SLT has few side-effects. Commonly redness, discomfort or photophobia may occur after SLT but these symptoms resolve within a few days without treatment. Rarely, an IOP spike can occur immediately following SLT. This is more common in eyes with PXF, PD glaucoma, 360-degree treatment in one session or otherwise very damaged TM. The incidence of such spikes is significantly lower than following ALT and can be minimised by the pre-treatment use of IOP-lowering topical medication.14
Peripheral anterior synechiae can occur rarely following SLT (one to three per cent); likewise the incidence following SLT is less than following ALT.15 Transient deposits on the corneal endothelium and even occasional interstitial corneal stromal inflammation can occur following SLT, both of which resolve spontaneously.19 Rarely, SLT treatment can result in reactivation of herpetic corneal disease, and should be used with caution in patients with a history of herpetic keratitis.

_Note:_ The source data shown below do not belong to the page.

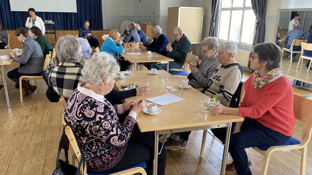 Syyskauden ensimmäisessä kuukausitapaamisessä 29.9. Nuijantalolla meitä oli yli 30 senioria. Saimme vieraaksemme Pälkäneen yhteisötalo -hankkeen vetäjän Seppo Kääriäisen. Alunperin senioritalona tunnettu hanke on edennyt ja kaava on hyväksymisvaiheessa. 12 asunnon 3-kerroksinen talohanke Onkkaalassa kirvoitti hyvää keskustelua ja kiinnostusta. Kuten aina nautimme ensin maittavan keittolounaan ja jälkiruuaksi suussa sulavaa omenapiirakkaa.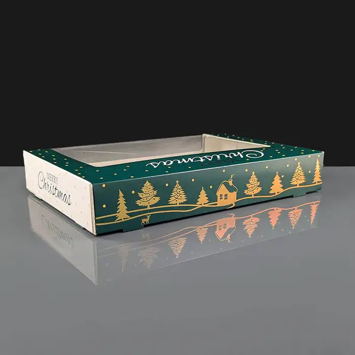 Home > Christmas > Mince Pie Packaging > Premium Green Christmas Flat Mince Pie Box 10x6.5x1.5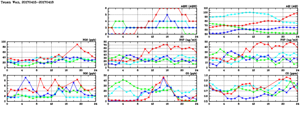 | Air Quality Data Time Series in Tsuen Wan (2017/04/18) | ( Line colors: Day -3 Day -2 Day -1 Current day ) | 2D Map Current AQHI |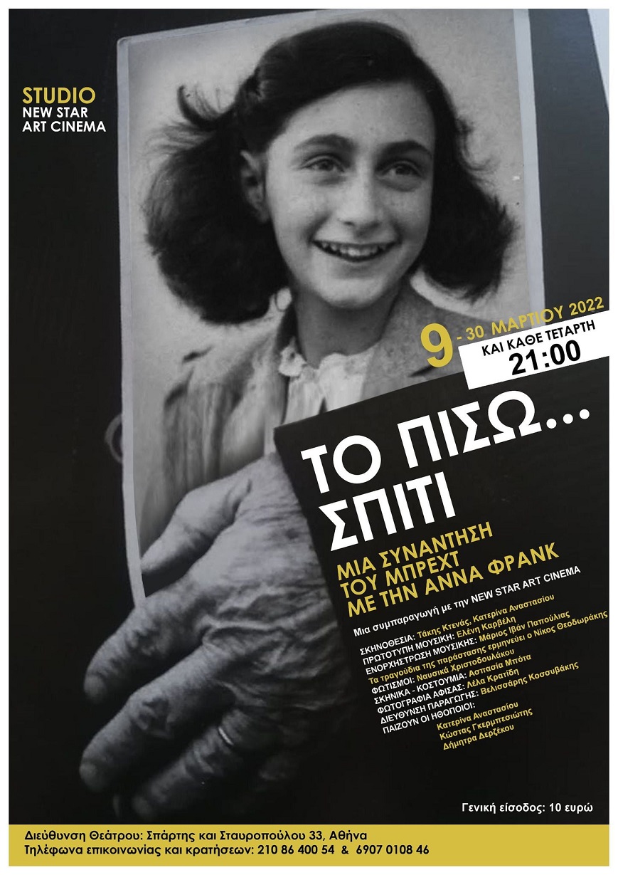 Η συμπατριώτισσά μας ηθοποιός και σκηνοθέτης Κατερίνα Αναστασίου παρουσιάζει τη θεατρική παράσταση "Το Πίσω σπίτι", και περιμένει το θεατρόφιλο κοινό από την Τετάρτη 9 Μαρτίου, και κάθε Τετάρτη στις 21:00 μ.μ. στο New Star art studio, πλατεία Αμερικής, στην Αθήνα.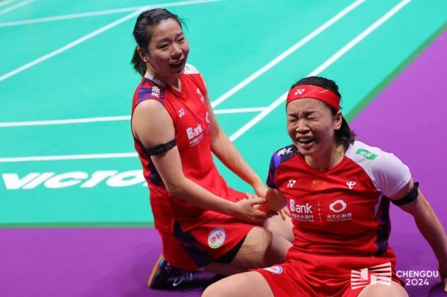 5月4日中午,2024尤伯杯半决赛,中国队3:0战胜日本队。图为中国队第一双打陈清晨/贾一凡在赢下比赛之后,陈清晨(右)泪流满面。赛事组委会供图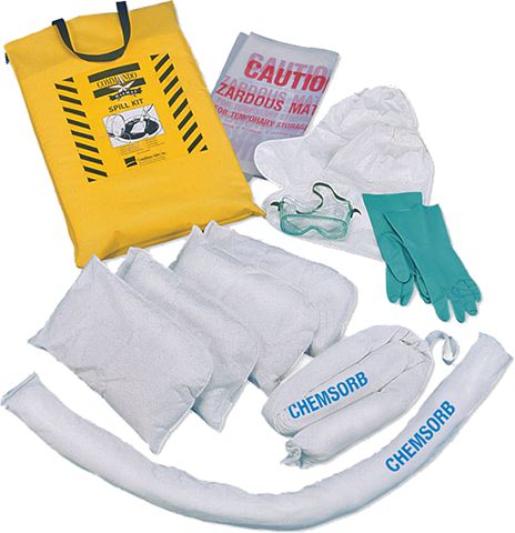 This slim, mobile spill response kit fits easily in a vehicle and may be hung on the warehouse or shop wall for immediate response to chemical spills. Ideal for vehicles transporting liquid chemicals, chemical handlers and haulers, and around mixing and storage areas. The kit is packed in a highly-visible yellow, chemical-resistant carry bag. Pick-up rating is 5 gallons of liquid per kit.Kit Contents:

Compared to daily eye-drops, SLT avoids the complex issues of treatment adherence20 and is probably gentler on the surface of the eye than long-term use of preserved topical medications. There is considerable interest in how SLT compares to prostaglandin monotherapy as initial treatment for glaucoma in terms of treatment efficacy, ocular discomfort, quality of life issues, prevention of glaucomatous progression and cost to the patient and society.
Health economic modelling varies considerably in different countries; however, modelling performed in a Canadian health-care settings suggest it is cost-effective compared to topical medical therapy, especially compared to multi-agent therapy.21
To compare SLT to topical medication as the initial treatment for glaucoma an international, multicentre RCT (the Glaucoma Initial Treatment Study) based mainly in Australia is underway.22 At the time of writing this article, results from this study have not yet been published.
Minimally invasive, well-tolerated and generally successful, SLT is an increasingly popular treatment alternative to topical medications for patients with ocular hypertension or open angle glaucoma. It is probably as effective as a single topical medication, and can be used either as a sole treatment or in addition to eye-drops.
SLT does not rely on patients adhering to a daily eye-drop regimen, and averts ocular surface side-effects related to drop toxicity. The common adverse effects related to SLT, redness and discomfort, are transient and self-limiting. SLT is not uniformly effective in all eyes. The IOP-lowering effect of SLT reduces over time; this must be explained clearly to our patients who therefore need ongoing six-monthly monitoring. Although the treatment is repeatable, subsequent treatments are generally not as effective in lowering IOP as the first treatment.
SLT may be cost-effective compared to therapy with topical medication but we await key RCT data to evaluate the health economic impact of SLT treatment for glaucoma.